* [Your goal]
Beginning with the line below that contains "A gene is classified" and ending with the line that contains "理英会から卒業したご家庭の体", retype every line exactly. Pictures are not copied.

* [Records for this task]
───
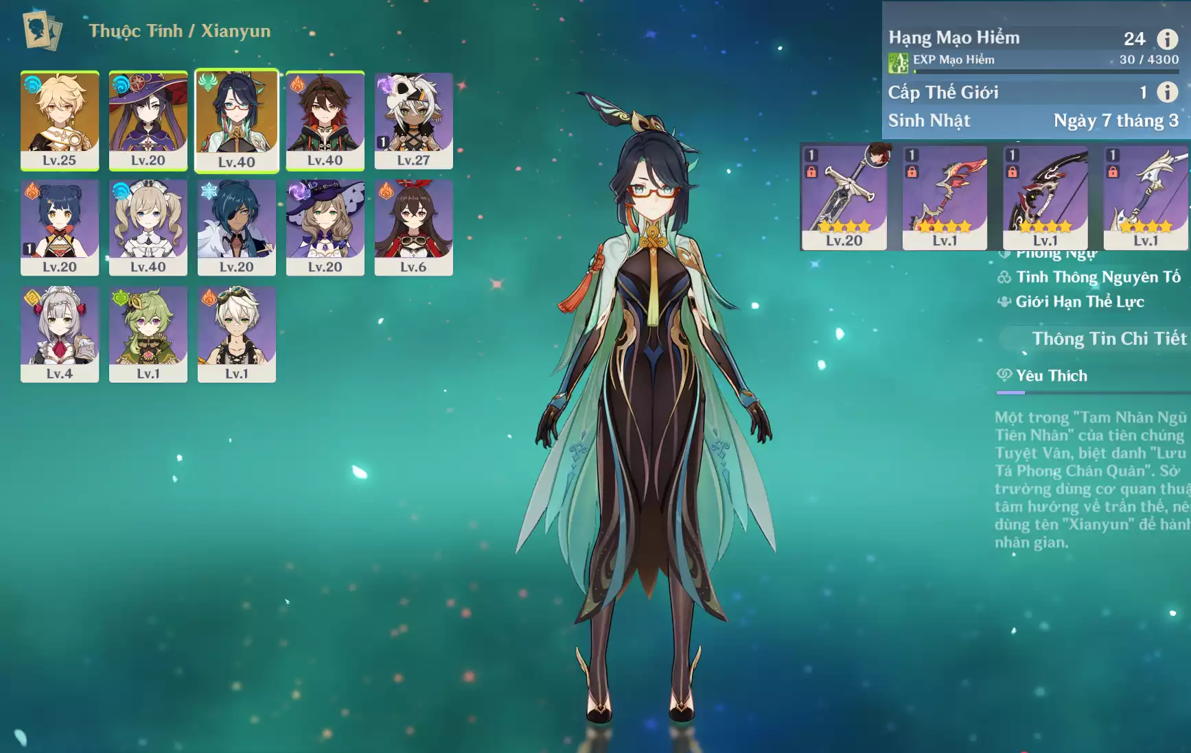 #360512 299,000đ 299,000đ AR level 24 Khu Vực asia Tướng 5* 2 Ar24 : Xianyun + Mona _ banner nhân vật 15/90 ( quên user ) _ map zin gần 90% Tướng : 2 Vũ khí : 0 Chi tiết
───
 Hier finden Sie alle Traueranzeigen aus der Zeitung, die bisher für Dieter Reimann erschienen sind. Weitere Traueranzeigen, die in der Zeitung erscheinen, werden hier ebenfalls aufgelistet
───
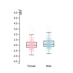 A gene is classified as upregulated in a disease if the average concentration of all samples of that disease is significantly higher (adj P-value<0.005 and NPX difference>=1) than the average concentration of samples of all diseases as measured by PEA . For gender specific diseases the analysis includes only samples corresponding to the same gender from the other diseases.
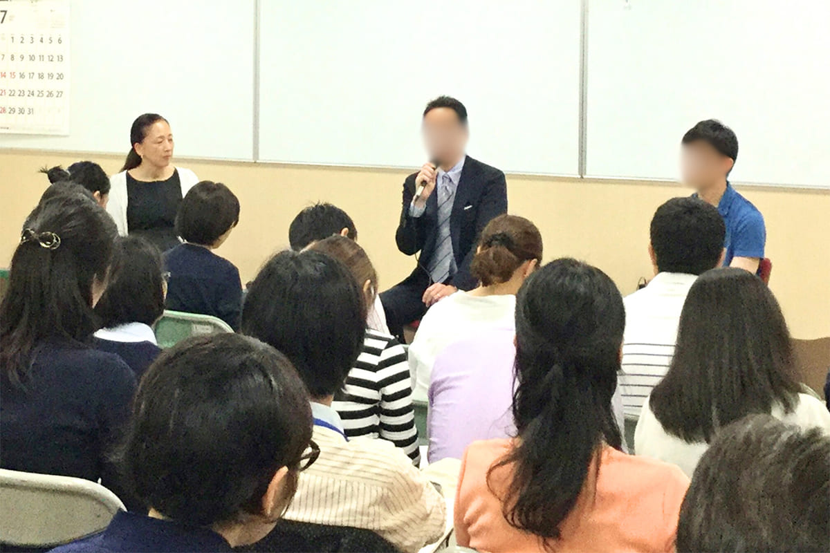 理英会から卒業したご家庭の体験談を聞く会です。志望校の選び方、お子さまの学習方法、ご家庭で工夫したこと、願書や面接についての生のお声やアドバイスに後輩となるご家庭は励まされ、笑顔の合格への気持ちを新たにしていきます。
───
* [Worked solution]
 A gene is classified as upregulated in a disease if the average concentration of all samples of that disease is significantly higher (adj P-value<0.005 and NPX difference>=1) than the average concentration of samples of all diseases as measured by PEA . For gender specific diseases the analysis includes only samples corresponding to the same gender from the other diseases.
 理英会から卒業したご家庭の体験談を聞く会です。志望校の選び方、お子さまの学習方法、ご家庭で工夫したこと、願書や面接についての生のお声やアドバイスに後輩となるご家庭は励まされ、笑顔の合格への気持ちを新たにしていきます。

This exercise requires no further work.